Позднеантичная система artes liberales, по традиции, идущей от Марциана Капеллы с его трактатом «De nuptiis Philologiae et Mercurii» («О бракосочетании Филологии и Меркурия», середина V века), обычно включала семь наук. Они делились на trivium («трехпутье»), куда относились элементарные дисциплины грамматики, риторики и диалектики (посвященные письму, речи и мышлению), и quadrivium («четырехпутье»), куда входили арифметика, геометрия, астрономия и музыка, то есть науки о числах, телах, пространствах и их порядке. Средневековье не только переняло эту классификацию, но и подкрепило ее самым решительным образом. Дело в том, что музыкальный трактат Боэция, в известной мере служивший краеугольным камнем системы «свободных искусств», был канонизирован теми самыми учеными каролингской эпохи, которые заодно возвели родословную григорианики к Античности. Не случайно первые дошедшие до нас списки произведений Боэция и Марциана, как и первые образцы невменной нотации, относятся именно к IX веку. Следовательно, музыка как свободная деятельность, направленная на достижение познания, не только увенчивала все прочие виды рациональной деятельности человека, но вдобавок она была сродни той музыке, которая звучала во славу Господа в ходе литургии. Не зря у Боэция присутствовало разделение на musica mundana («музыку мира, мировую музыку»), musica humana («музыку человеческую») и musica instrumentalis («музыку инструментальную»). Тем самым постулировалось существование музыкальных действительностей разного уровня – от мирового порядка, являющегося прообразом всякого познания, до «рукотворной» человеческой музыки. Мыслитель каролингского периода Регино Прюмский (умер в 915 году) ввел в обиход еще одно разграничение – между musica naturalis (музыкой «естественной», «природной», то есть хоралом, данным от Бога) и musica artificialis – музыкой «искусственной», построенной по математическим законам. В данной конструкции проявляется конститутивная для понятия музыки оппозиция «разума» и «чувства» (ratio и affectus), подкрепляемая Боэциевой классификацией музыки. По-видимому, каролингские ученые были убеждены в том, что система должна быть контингентна, а стало быть, свободна от противоречий.

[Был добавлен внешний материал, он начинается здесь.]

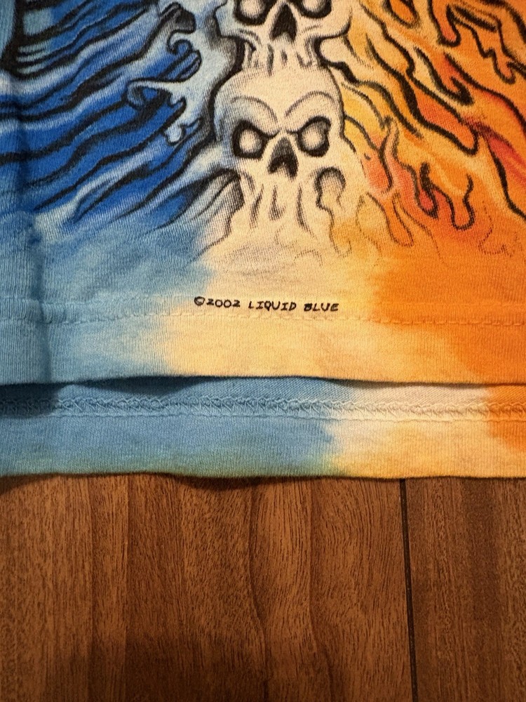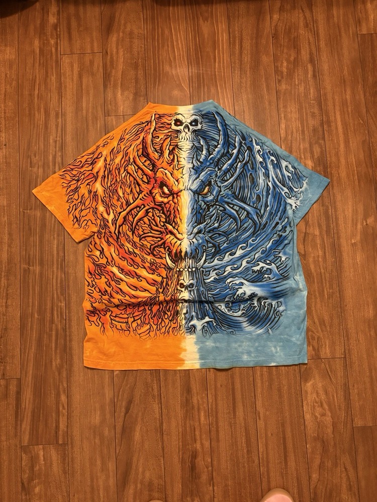 Insane vintage Liquid Blue all-over print featuring the iconic split Fire vs. Ice dragon design with skull details. Vibrant colors on both sides. Classic late-90s / early-2000s Liquid Blue style. Size: • Tagged XL Condition: Great vintage condition overall. No major flaws seen. Normal light wear from age but colors remain super vibrant. (If there’s anything specific you want added like tiny marks, let me know.) Details: • Authentic Liquid Blue tag • Made in Mexico • Full AOP double-sided graphic • Fire & Ice dragon / skull artwork • Collectible LB piece Perfect for collectors, metal/grunge fans, or anyone who loves bold Liquid Blue prints.
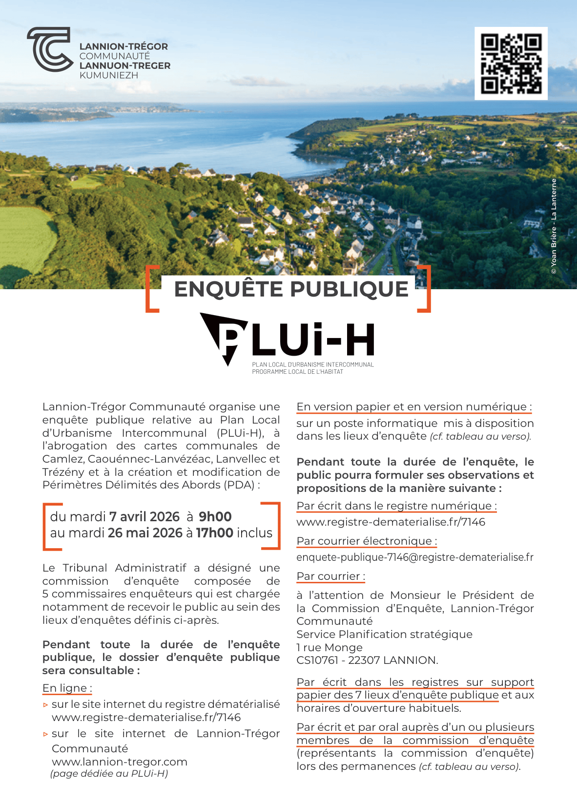 Lannion-Trégor Communauté organise une enquête publique relative au Plan Local d’Urbanisme Intercommunal (PLUi-H)

Но со временем противоречия все-таки заявили о себе, по следующей причине: хотя музыку относили к рациональным наукам, однако с изобретением нотного письма начала развертываться собственная динамика музыкальной истории, и в результате музыка стала все больше отдаляться от одноголосного хорала, как и от предпосылок всех прочих artes. Между двумя процессами – развитием музыкальной литературы, возникшей в IX веке, вместе с канонизацией трактата Боэция, и эволюцией самой музыки, записывавшейся и все дальше развивавшейся, – в Средневековье не существовало настоящей взаимосвязи, но, вероятно, это не ощущалось как дефицит. Пока не существовало такой величины, как деятельно занятый музыкой, пишущий и ком-понирующий17 индивидуум (отсутствие имен в записях многоголосной музыки вплоть до XIV века подтверждает, что так оно и было), до тех пор не могло возникнуть настоящего противовеса письменной культуре, которая упорно сохраняла иммунитет по отношению к музыкальной реальности, потому что деятельное начало, присущее этой реальности, противоречило принципам ars liberalis, свободного искусства. В XIV, а особенно в XV веке ситуация в корне изменилась, что имело самые весомые последствия для музыкальной литературы и самой музыки, для деятельного индивидуума, для системы artes и для всего, что было с ней связано и от нее зависимо.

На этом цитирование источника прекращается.